Broidy Capital Mgmt. LLC v. Benomar

Citation944 F.3d 436
Decision Date06 December 2019
Docket NumberAugust Term, 2019,Docket No. 19-236
Parties BROIDY CAPITAL MANAGEMENT LLC, Elliott Broidy, Plaintiffs-Appellants, v. Jamal BENOMAR, Defendant-Appellee.
CourtUnited States Courts of Appeals. United States Court of Appeals (2nd Circuit)

Shannen W. Coffin (Filiberto Agusti, Linda C. Bailey, on the brief), Steptoe & Johnson LLP, Washington, D.C., for Plaintiffs-Appellants.

Abbe David Lowell (Eric W. Bloom, on the brief), Winston & Strawn LLP, Washington, D.C., for Defendant-Appellee.
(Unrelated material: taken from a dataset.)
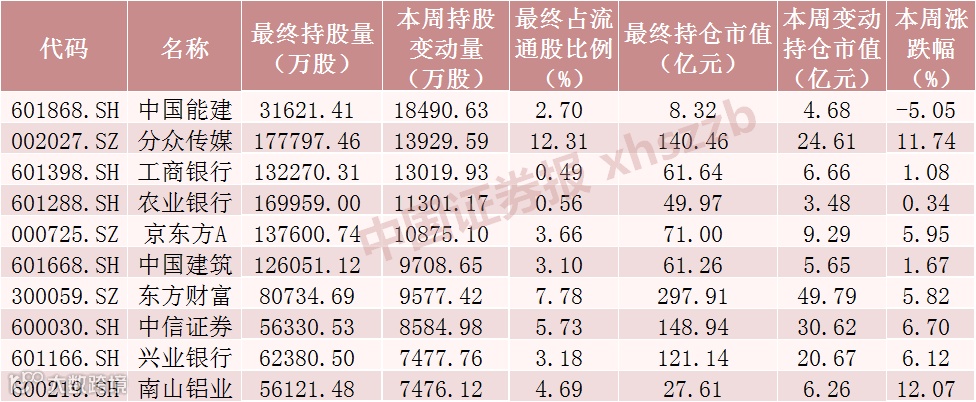 从市场表现情况来看,本周北向资金持股增加数居前十股中除中国能建下跌5.05%外,其他股票均上涨,南山铝业涨幅最大,累计上涨12.07%。

Martin Totaro, Attorney, Appellate Staff Civil Division, U.S. Department of Justice (Marik A. String, Acting Legal Adviser, U.S. Department of State, Joseph H. Hunt, Assistant Attorney General, Sharon Swingle, Attorney, Appellate Staff Civil Division, U.S. Department of Justice, on the brief), for the United States, Amicus Curiae.
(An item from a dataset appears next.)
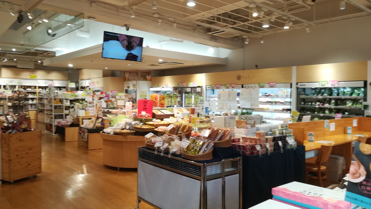 ふたつの県が一緒になったアンテナショップです。入口にはカニがケースに沢山並べられていました。生蟹でしょうか、一杯1万円。

Before: Katzmann, Chief Judge, Chin and Droney, Circuit Judges.

Katzmann, Chief Judge:

This case calls on us to determine who bears the burden of establishing jurisdiction pursuant to an exception to diplomatic immunity under the Vienna Convention on Diplomatic Relations ("VCDR" or the "Vienna Convention"), Apr. 18, 1961, 23 U.S.T. 3227, 500 U.N.T.S. 95, where a defendant has demonstrated diplomatic status. Plaintiffs Elliott Broidy and Broidy Capital Management LLC appeal from a judgment of the United States District Court for the Southern District of New York (Seibel, J. ) dismissing their suit against Jamal Benomar, a Moroccan diplomat, for lack of subject matter jurisdiction. On appeal, plaintiffs challenge the district court’s conclusion that Benomar possessed diplomatic immunity from suit under the Vienna Convention, and argue that the district court erred in imposing on plaintiffs the burden of establishing jurisdiction by showing that their suit could proceed under one of the VCDR’s exceptions to diplomatic immunity. Plaintiffs also contend that the district court abused its discretion in denying jurisdictional discovery and leave to amend the complaint. For the reasons below, we hold that, where a defendant has demonstrated diplomatic status, plaintiffs bear the burden of proving by a preponderance of the evidence that an exception to diplomatic immunity applies and that jurisdiction exists. The plaintiffs having failed to meet that burden, we AFFIRM the judgment of the district court.

BACKGROUND

Elliott Broidy is the chief executive officer and chairman of Broidy Capital Management LLC. Until early 2018, he served as the Deputy Finance Chair of the Republican National Committee. In late 2017 and early 2018, Broidy’s computer systems were hacked, and trade secrets and personal information were stolen. Materials stolen in the hack were organized thematically and then disseminated to U.S. media outlets. Broidy alleges that the state of Qatar, believing Broidy to be an influential detractor responsible for President Trump’s public criticism of Qatar in June 2017, engineered the cyberattack in order to discredit Broidy and curtail his influence.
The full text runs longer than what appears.